Позднее, в Италии эпохи Возрождения, некоторые художники, больше других интересующиеся теорией искусства, ставят вопрос о статусе цвета в живописи, а затем – о сравнительных возможностях рисунка и колорита, о способности каждого из них правдиво изображать живых существ и неодушевленные предметы. Во Флоренции, где художники часто занимаются также и архитектурой и где все формы художественного творчества проникнуты философией неоплатонизма, считается, что рисунок точнее, глубже, «правдивее» цвета отображает жизнь. А в Венеции считают иначе. И начинается спор[235]. Он продлится два столетия и будет будоражить умы многих художников и философов сначала в Италии, а потом и во Франции, главным образом в Королевской академии живописи и ваяния, в последней трети XVII века[236].

У противников цвета имеется множество доводов. Рисунок, говорят они, гораздо выше и благороднее цвета, потому что он – создание духа, а цвет – лишь материальная субстанция, продукт красящих веществ. Рисунок – порождение идеи, поэтому он обращается к разуму человека. Цвет же обращается только к чувствам, его цель – не открыть нам истину, а ввести нас в соблазн. Цвет не дает четко различить контуры предметов и определить их форму; тем самым он отвращает людей от истины и добра. Его прелесть обманчива и коварна, по сути это не что иное, как уловка, фальшь, ложь, измена; все эти идеи еще в XII веке выдвинул святой Бернар Клервоский, затем их подхватили идеологи Реформации, и, наконец, в период с 1550-х по 1700-е годы они служат аргументом для тех, кто отстаивает преимущество рисунка перед цветом. К этим старым упрекам теперь добавляется новый: цвет опасен потому, что неуправляем и непостижим: он не поддается никакому обобщению, внятному истолкованию или просто анализу. Цвет – это смутьян, встречи с которым надо избегать всякий раз, когда есть такая возможность[237].

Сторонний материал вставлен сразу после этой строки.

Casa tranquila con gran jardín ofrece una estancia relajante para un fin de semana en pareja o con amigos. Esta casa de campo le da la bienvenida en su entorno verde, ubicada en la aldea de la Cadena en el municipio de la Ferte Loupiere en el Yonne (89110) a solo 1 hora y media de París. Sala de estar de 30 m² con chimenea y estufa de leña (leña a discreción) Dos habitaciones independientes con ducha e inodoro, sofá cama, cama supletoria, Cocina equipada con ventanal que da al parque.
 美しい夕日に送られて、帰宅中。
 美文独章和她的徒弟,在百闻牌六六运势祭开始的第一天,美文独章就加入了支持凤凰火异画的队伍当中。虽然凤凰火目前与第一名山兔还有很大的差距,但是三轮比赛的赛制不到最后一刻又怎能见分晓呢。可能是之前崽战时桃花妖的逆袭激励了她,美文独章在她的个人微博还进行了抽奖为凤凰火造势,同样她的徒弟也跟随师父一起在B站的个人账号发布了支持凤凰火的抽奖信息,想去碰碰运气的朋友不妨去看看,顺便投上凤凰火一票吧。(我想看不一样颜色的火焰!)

У их оппонентов, сторонников колорита, свои доводы: цвет, говорят они, может показать то, что рисунок без его помощи показать не в состоянии; без цвета живопись утратит силу эмоционального воздействия, к тому же глаз попросту перестанет различать на полотне зоны и планы, главные и второстепенные фигуры, а также те элементы композиции, которые подчеркивают другие элементы либо перекликаются с ними. Цвет не только несет в себе чувственность и музыкальность, он еще и выполняет важную классификационную функцию, необходимую для преподавания некоторых научных дисциплин (зоологии, ботаники, картографии, медицины). И все же для большинства художников главное преимущество цвета в другом: только он дает жизнь существам из плоти и крови, без которых живопись теряет смысл, а значит, цвет и есть живопись. Вплоть до конца века Просвещения у этого тезиса будет множество сторонников, а позднее его подхватит Гегель в своих трудах по эстетике[238]. Если и стоит кому-то подражать, то не Леонардо и не Микеланджело, а венецианским мастерам, и в первую очередь Тициану: никто еще не превзошел их в искусстве изображать человеческую плоть[239].

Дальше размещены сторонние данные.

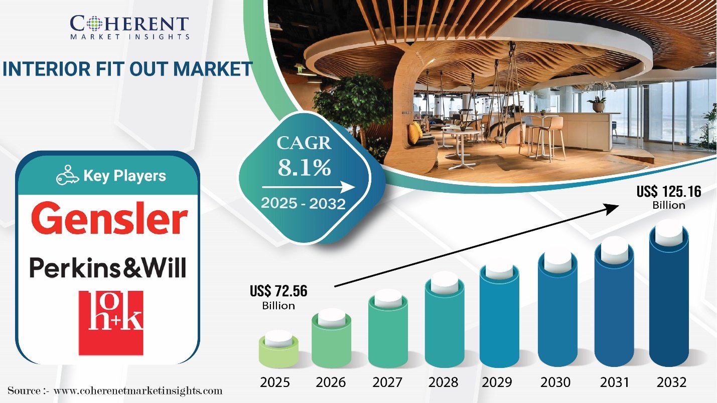According to Coherent Market Insights (CMI), the global interior fit out market size is expected to grow at a CAGR of 8.1% from USD 72.56 billion in 2025 to USD 125.16 billion by 2032.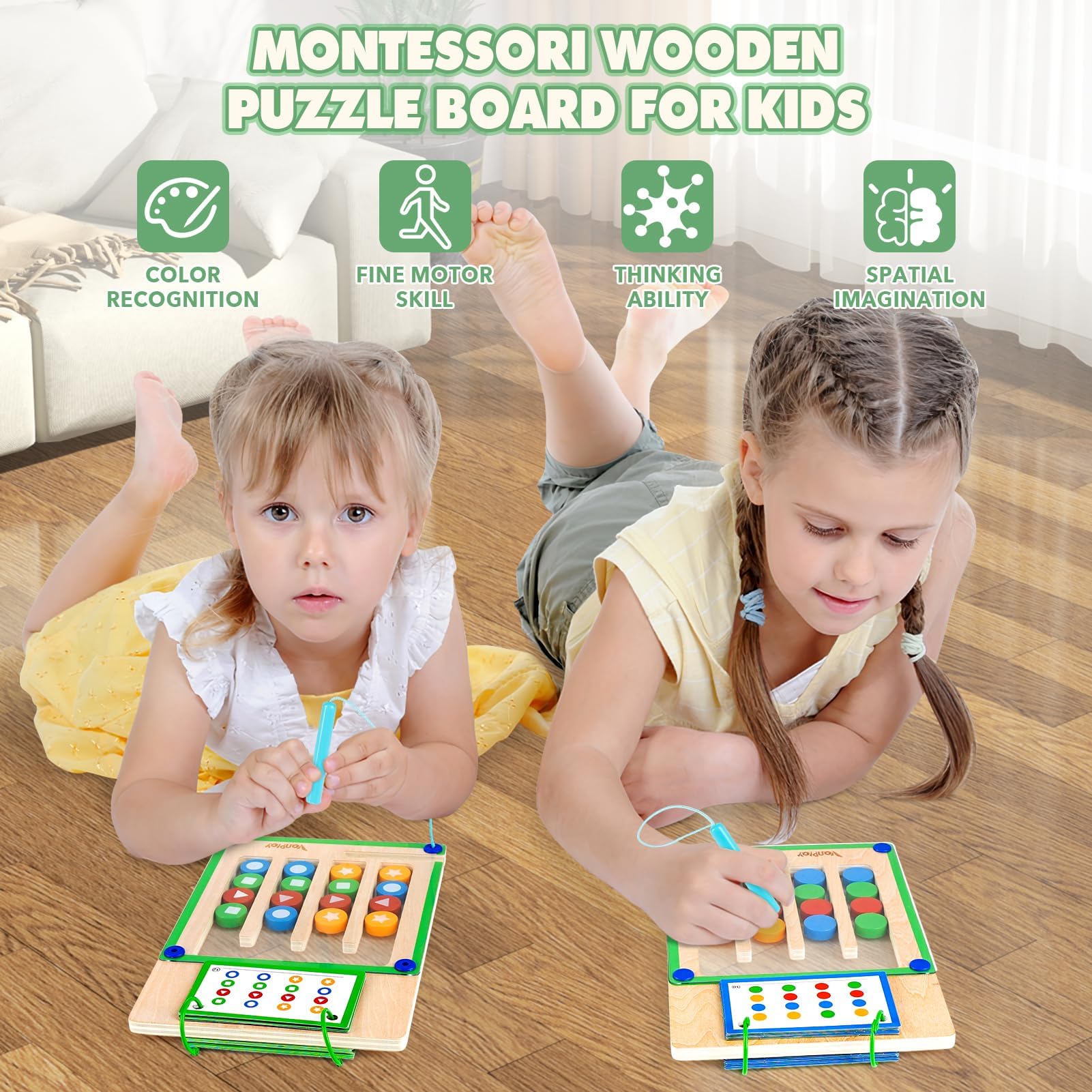 【知育玩具】ジグソービジーボードは、3 4 5 6 7歳の男の子と女の子のためにデザインされた素晴らしい知育玩具です。 4つの色と4つの模様の両面デザインで、ジグソーパズルの木製ピースは、お子さまの色認識、形の分類、手と目の連動、巧緻性、自立した思考を育てます。 整理整頓や繰り返し遊びが好きな自閉症のお子さまに最適です。

В начале XVIII века этот спор завершился полной победой сторонников цвета, а вместе с ними и самого цвета, который уже не считается опасным: теперь наука умеет измерять его, контролировать, воспроизводить по своему усмотрению. Теории Ньютона открывают дорогу другим открытиям, в частности в области книги и гравюры. Так, живущий в Лондоне немецкий гравер французского происхождения Жакоб Кристоф Леблон (1667–1741) разрабатывает в 1720–1725 годах способ печатания гравюр, позволяющий получить полихромное изображение; он последовательно делает оттиски с трех досок, покрытых разными красками – красной, синей и желтой; использование этих трех красок в сочетании с обычной черной дает возможность получить на белом листе бумаги оттиски всех цветов[240]. Это техническое новшество имеет огромное значение: оно не только позволяет гравюре выполнять недоступные ей ранее художественные и научные задачи, но еще и окончательно утверждает новую иерархию цветов, которую живописцы открыли опытным путем много десятилетий назад и которая подготовит почву для будущей теории основных и дополнительных цветов. Теория эта пока еще не сформулирована окончательно[241], но три главных цвета уже определились: красный, синий и желтый.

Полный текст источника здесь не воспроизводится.